When last this column visited the troubled town of Winsted in November, it looked like the place had hit rock bottom. The town was flat broke, partly the result of the embezzlement of at least $2 million — but perhaps as much as $7 million — by the town’s longtime finance director.

Henry Centrella is a member of a large and respected town family and was Winsted’s only finance director. He had held the post for 30 years and now sits in jail after pleading guilty, even as the specter of his shameful theft continues to roil the waters of the Mad River in this once-proud mill town.

Back in November, the state Department of Education was investigating the town of Winchester, as it is formally known, for not meeting the state’s minimum budget requirement, while the superintendent told parents and taxpayers the town’s public schools might close in December for lack of cash. A state takeover of the Winchester school district looked like a real possibility.

Meanwhile, Winsted’s roads were allowed to crumble, causing the public works director to resign in protest. And the nine retired cops who risked their lives on those roads saw their pension and benefits program canceled. The city was crumbling — literally and figuratively — from parsimony, neglect, and corruption.

Since that column first appeared, things seemed to have improved. New leaders took office, a supplemental tax was enacted and the town received a bank loan in advance of educational cost sharing grants from the state, thus keeping the schools open. A bright new finance director from Bristol was hired to replace the crook who preceded her. Members of a Winsted politics Facebook page urged me to write an updated column pointing to the improvements, which I promised to do.

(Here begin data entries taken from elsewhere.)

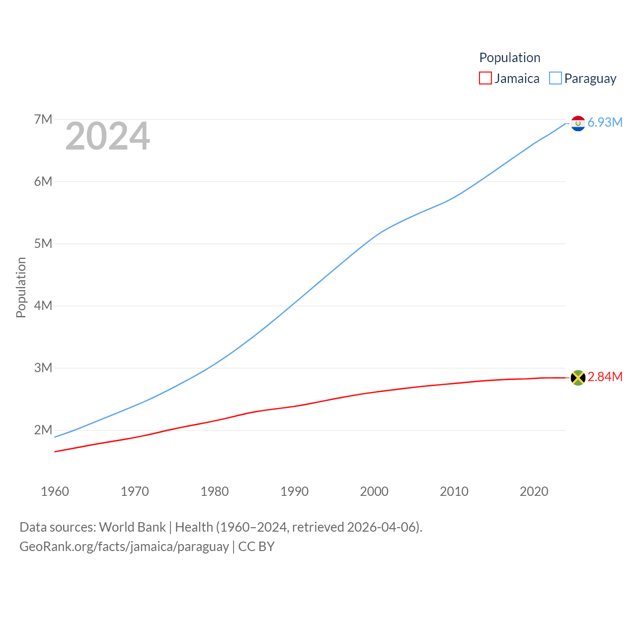 Jamaica has a population of 2.84M (ranked 139/197), compared with 6.93M in Paraguay (ranked 107/197). Jamaica's land area is 4,181 sq mi versus 152,901 sq mi for Paraguay (ranked 159th vs. 59th).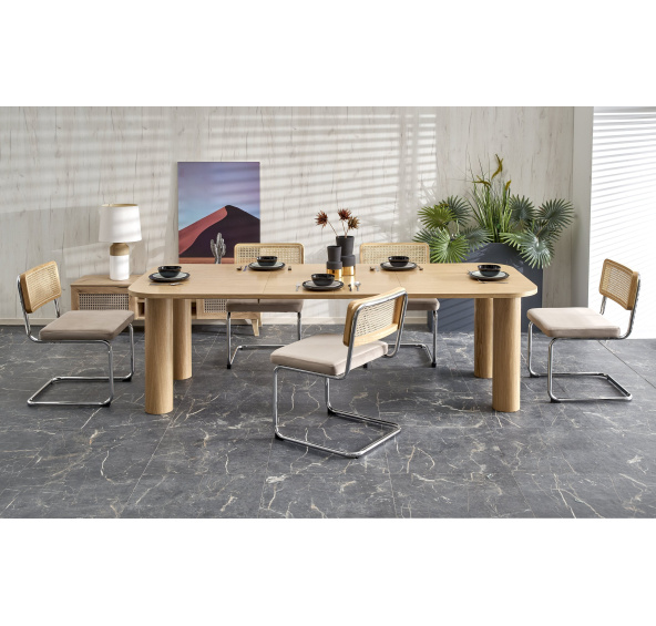 Popis produktu ELEFANTE PROSTOKĄT stół rozkładany 160-240/100 dąb naturalny (2p=1szt)wymiary: 160-240/100/77 cm, stół rozkładany, materiał: MDF + okleina naturalna - dębowa, kolor: dąb naturalny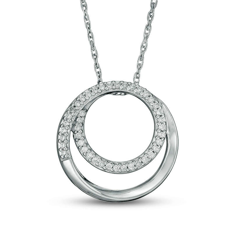 0.13 CT. T.W. Natural Diamond Spiral Open Circle Pendant in Sterling Silver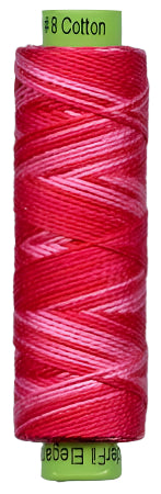 Recommended needle size: Chenille 24/26 Milliners 3 Sue Spargo's Eleganza Perle cotton collection is designed to meet the specific needs of hand stitchers, embroiderers and embellishers. Passionate about stitching, Sue set out to design a product of utmost quality in collaboration with Wonderfil Specialty Threads. Eleganza is made from 100% Giza 88, the highest calibre extra long staple Egyptian cotton. Fibers spun with this fiber create a thread of extreme softness, strength and luster. An extra 15% twist has been incorporated into the design of Eleganza resulting in a thread of superior stability, uniformity and sewability. Eleganza is double gassed and mercerized to eliminate build up of lint and snub, largely enriching the appeal of stitchery. Sue has designed a bright, saturated color palette along with a unique line of variegates. Eleganza's collection of variegates contain extra short variegations in order to provide rapid color change on small scale designs.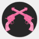 These t-shirts and other items are printed with a retro image of a pair of pink six shooter pistols.

But alas, by the time I got around to writing the op-ed, Winsted’s fortunes had resumed their downward spiral. In a case of bitter irony, on the same day that Centrella was sentenced, the finance director who took his place quit to return to her old job in Bristol. Two members of the Board of Selectmen, including the newly-appointed mayor herself, have resigned. And if the resignations of those two public officials weren’t enough, their departures sparked an ugly fight over who had the authority to replace them.

The relatively new public works director then announced his resignation, but the worst was yet to come. Schools Superintendent Thomas Danehy, a breath of fresh air whose predecessor was widely considered to be a miserable failure, announced he was jumping ship, too.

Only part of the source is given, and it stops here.